◆ Provided material:
══════════

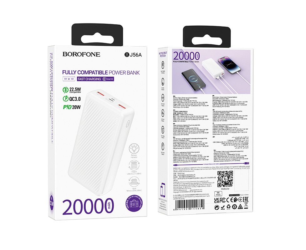 Borofone BJ56A - это стильный и функциональный внешний аккумулятор, который станет незаменимым помощником для тех, кто проводит много времени в дороге или путешествиях. Благодаря наличию трех выходных разъемов: 2 USB + Type-C вы сможете одновременно заряжать несколько устройств. Аккумулятор имеет емкость 20000mAh и поддерживает все современные протоколы быстрой зарядки, обеспечивая максимальную выходную мощность в 22.5W, что позволяет быстро зарядить смартфон, планшет, наушники и другие устройства. Портативный аккумулятор оснащен высококачественной литий-полимерной батареей, а корпус выполнен из огнестойкого ABS-пластика + PC. Светодиодный индикатор позволит отслеживать актуальный уровень заряда аккумулятора. Вес 408 г. Выполнен в двух цветах
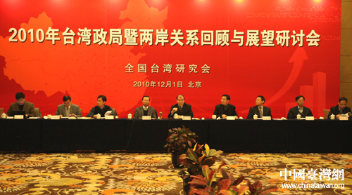中国台湾网12月1日北京消息 1日上午,全国台湾研究会在北京举办“2010年台湾政局暨两岸关系回顾与展望”研讨会,邀请两岸专家学者回顾和总结一年来的岛内政局与两岸关系发展,以及台湾年底“五市选举”后的两岸关系发展趋势进行深入探讨。与会的四十余位专家学者来自全国各地包括海峡对岸的研究机构和高校,海峡两岸关系协会副会长王在希、中华文化发展促进会副会长辛旗等出席了研讨会。
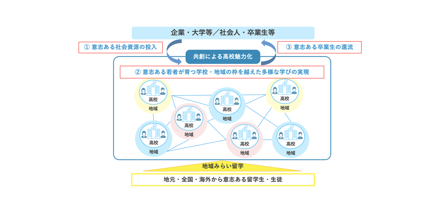 弊財団は「意志ある若者にあふれる持続可能な地域・社会をつくる」というビジョンのもと、都道府県の枠を越えて地域の特色ある公立高校に入学し、学んでもらう「地域みらい留学」事業を中心に取り組んでいます。変化の激しい時代に対応できる人材を育成していくためには、市民・自治体・民間企業・NPO・大学などの多様なステークホルダーが学びに関わり、社会全体で支えていくような「学びの社会連携」が必要です。私たちは、
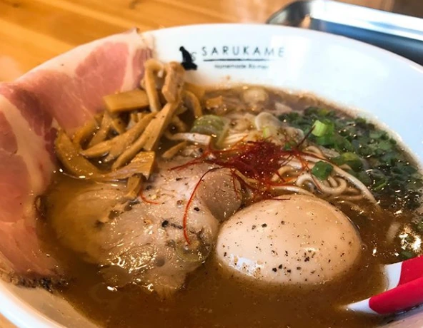 사루카메는 원숭이(サル)와 거북이(カメ)의 합성어로 이름만 들어선 라멘가게를 연상하기 어렵다. 인테리어 역시 일본색을 모두 없애 제 발로 들어오기 전에는 이 집이 라멘가게인지 긴가민가할 것이다. 가게 입구에 영업중임을 표시하는 노렌으로 원숭이 조각상이 걸려 있고, 가게 BGM으로 원숭이섬의 비밀 OST가 흐른다. 온전히 자신의 취향으로 꾸민 것인데, 왜 인지는 알 수 없지만 개그맨 유세윤에 영감을 받았다고 한다. 원피스에서 영감받은 줄 알았는데
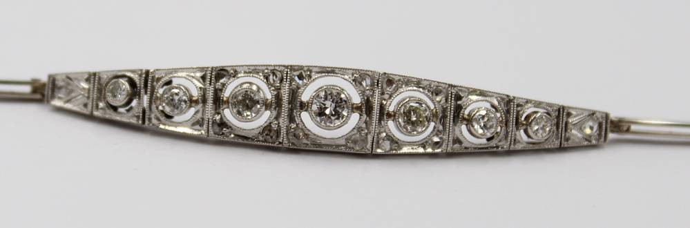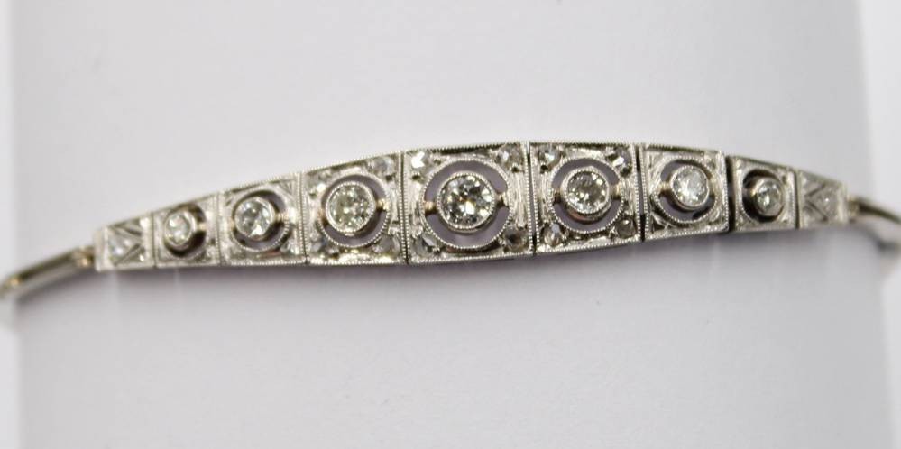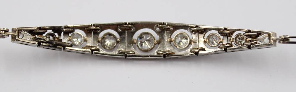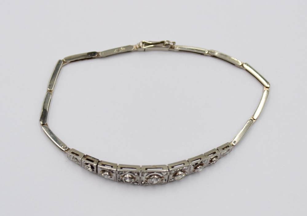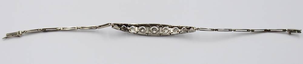 sehr schönes Armband im Art-Déco-Stil, wohl Platin mit Brillantbesatz, sehr guter Zustand, ca. 6,4gr., L-18cm [1]

══════════

◆ The problem: What is needed is a word-for-word copy of the lines from the start of the data to the line with "中国台湾网12月1日北京消息", inclusive, with no pictures in it.

◆ Exercise response:
 Borofone BJ56A - это стильный и функциональный внешний аккумулятор, который станет незаменимым помощником для тех, кто проводит много времени в дороге или путешествиях. Благодаря наличию трех выходных разъемов: 2 USB + Type-C вы сможете одновременно заряжать несколько устройств. Аккумулятор имеет емкость 20000mAh и поддерживает все современные протоколы быстрой зарядки, обеспечивая максимальную выходную мощность в 22.5W, что позволяет быстро зарядить смартфон, планшет, наушники и другие устройства. Портативный аккумулятор оснащен высококачественной литий-полимерной батареей, а корпус выполнен из огнестойкого ABS-пластика + PC. Светодиодный индикатор позволит отслеживать актуальный уровень заряда аккумулятора. Вес 408 г. Выполнен в двух цветах
中国台湾网12月1日北京消息 1日上午,全国台湾研究会在北京举办“2010年台湾政局暨两岸关系回顾与展望”研讨会,邀请两岸专家学者回顾和总结一年来的岛内政局与两岸关系发展,以及台湾年底“五市选举”后的两岸关系发展趋势进行深入探讨。与会的四十余位专家学者来自全国各地包括海峡对岸的研究机构和高校,海峡两岸关系协会副会长王在希、中华文化发展促进会副会长辛旗等出席了研讨会。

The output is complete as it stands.